June 1, 2009

June 1, 2009 by  

The end of an era for General Motors is being taken in stride by investors. The stock market has moved up aggressively following the news of there corporate bankruptcy filing this morning. The market believes that eliminating lingering issues and uncertainty will help to restore confidence and is the driving force behind the early gains in equity positions. The filing for a bankruptcy by GM will result in their removal from the Dow 30 components and all but ensures that their stock holders will be left with nothing.

The overall economy appears to be slowly regaining traction and direction. This will be a closely watched week by investors and economist who will be anxious to review the jobs report due out later in the week. Inflationary concerns are going to become a larger focus for both equity and bond investors. Inflation is likely to continue to become a concern for future monetary policy, and will face significant pressure from the increase in oil prices. The price of oil has surged in the month of May and is fast approaching seventy dollars per barrel. Oil prices climbed over 30% last month and gas prices have moved well above $2.5 a gallon. The low oil/gas prices that the economy has benefitted from during the toughest of economic times helped to mitigate the financial pain of the recession. The long term prospects of low oil prices seem quite unrealistic and expect more emphasis on fuel efficient vehicles and renewable energy sources to regain exposure as the economy moves forward. The major economic report for the day was on consumer spending which declined .1% for the month of April, which beat most economists forecasts, who anticipated a larger drop. The savings rate has climbed to its highest level in the last ten years as more and more consumers try to prepare for a long period of economic challenge.

Mortgage rates jumped sharply in midweek action last week as an unprecedented increase to bond prices occurred. Last week the ten year bond traded from 3.45% to 3.75% and finished the week at 3.48% on Friday.
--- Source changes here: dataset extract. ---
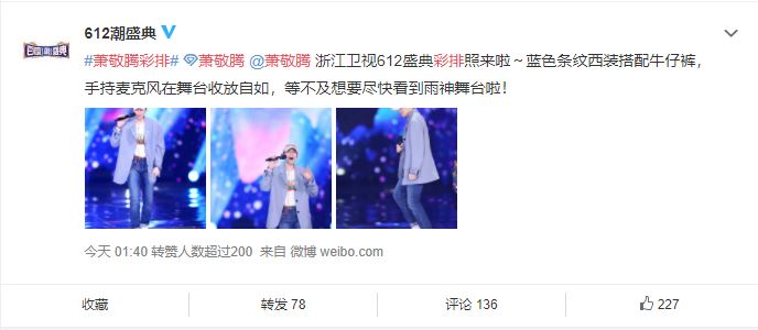 日前,612潮盛典在微博晒出了萧敬腾的盛典彩排照,有网友留言:“期待舞台!!!话说有人知道最近大哥行程都在哪吗?想带高考完的弟弟出去玩又怕被玄到!别逼我跪下来!”

Early on Monday, the ten year bond was trading at 3.65%, an early indication that fixed rate mortgage bonds will be under pressure to move higher, resulting in higher mortgage rates. Mortgage rates have benefitted from the FOMC’s actions and the economic uncertainty, providing a safe harbor for conservative investors. The improvements in the equity markets and presence of new inflationary pressure will likely push rates up in the near term, but it is hard to imagine a significant jump with rates under the Fed’s oversight of this critical component to the housing markets. Thirty year fixed rate loans were available with most national lenders in the low five percent range on Monday (5.25%) and fifteen year loans were available at or below five percent, both representing near historic low rates.